⟨

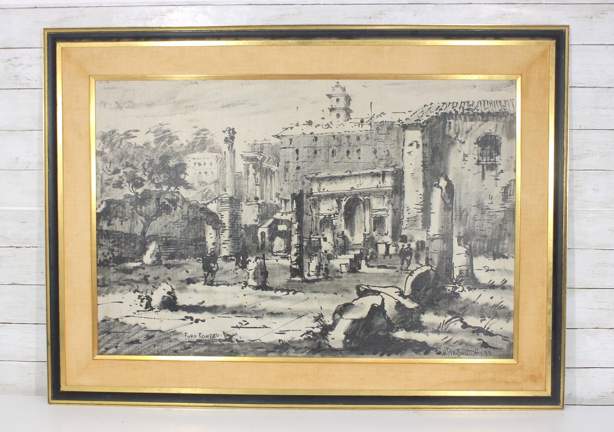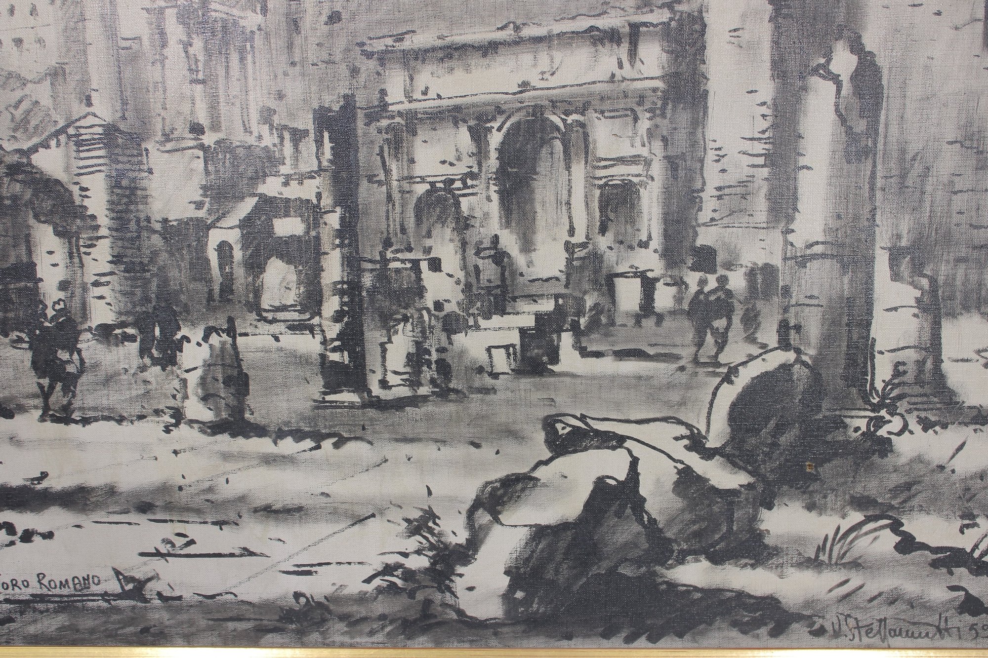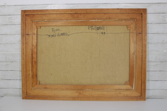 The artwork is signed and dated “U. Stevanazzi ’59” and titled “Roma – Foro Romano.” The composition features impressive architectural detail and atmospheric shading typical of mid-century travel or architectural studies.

⟩
⟨

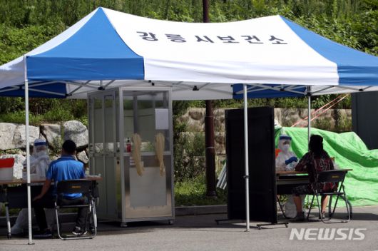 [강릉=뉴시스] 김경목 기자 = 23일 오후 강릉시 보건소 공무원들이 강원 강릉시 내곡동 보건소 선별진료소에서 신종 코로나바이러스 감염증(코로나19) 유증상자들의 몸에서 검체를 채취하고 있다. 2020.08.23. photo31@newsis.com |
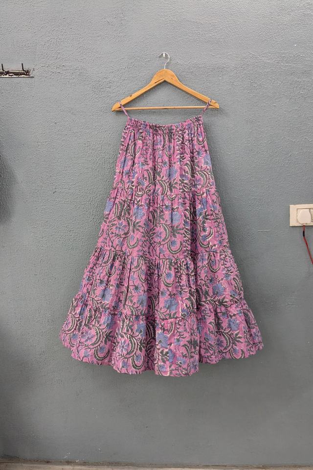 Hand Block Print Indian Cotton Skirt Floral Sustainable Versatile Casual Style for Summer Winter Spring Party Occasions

⟩
⟨

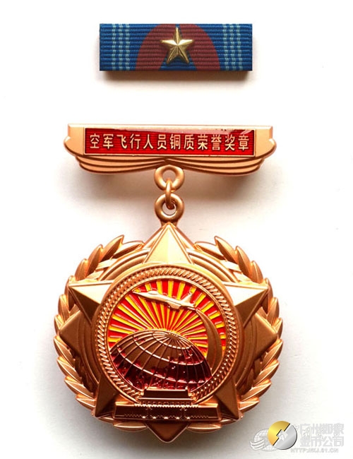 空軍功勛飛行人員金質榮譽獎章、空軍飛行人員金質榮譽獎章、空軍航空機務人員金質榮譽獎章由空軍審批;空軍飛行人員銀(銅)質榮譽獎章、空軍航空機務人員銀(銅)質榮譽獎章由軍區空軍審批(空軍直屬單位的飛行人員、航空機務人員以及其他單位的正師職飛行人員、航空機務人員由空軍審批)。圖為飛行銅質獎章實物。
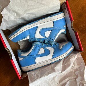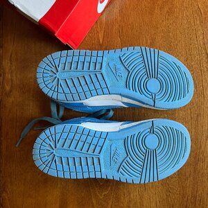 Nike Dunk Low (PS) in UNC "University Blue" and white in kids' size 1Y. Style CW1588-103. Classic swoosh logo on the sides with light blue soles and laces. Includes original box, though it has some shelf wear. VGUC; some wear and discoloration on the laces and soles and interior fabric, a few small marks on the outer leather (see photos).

⟩

■ **TASK DETAILS**
Copy out the lines above from the line containing "[강릉=뉴시스] 김경목 기자" through the line containing "Hand Block Print", exactly, and keep the pictures out.

■ **SOLUTION TO THE PROBLEM**
 [강릉=뉴시스] 김경목 기자 = 23일 오후 강릉시 보건소 공무원들이 강원 강릉시 내곡동 보건소 선별진료소에서 신종 코로나바이러스 감염증(코로나19) 유증상자들의 몸에서 검체를 채취하고 있다. 2020.08.23. photo31@newsis.com |
 Hand Block Print Indian Cotton Skirt Floral Sustainable Versatile Casual Style for Summer Winter Spring Party Occasions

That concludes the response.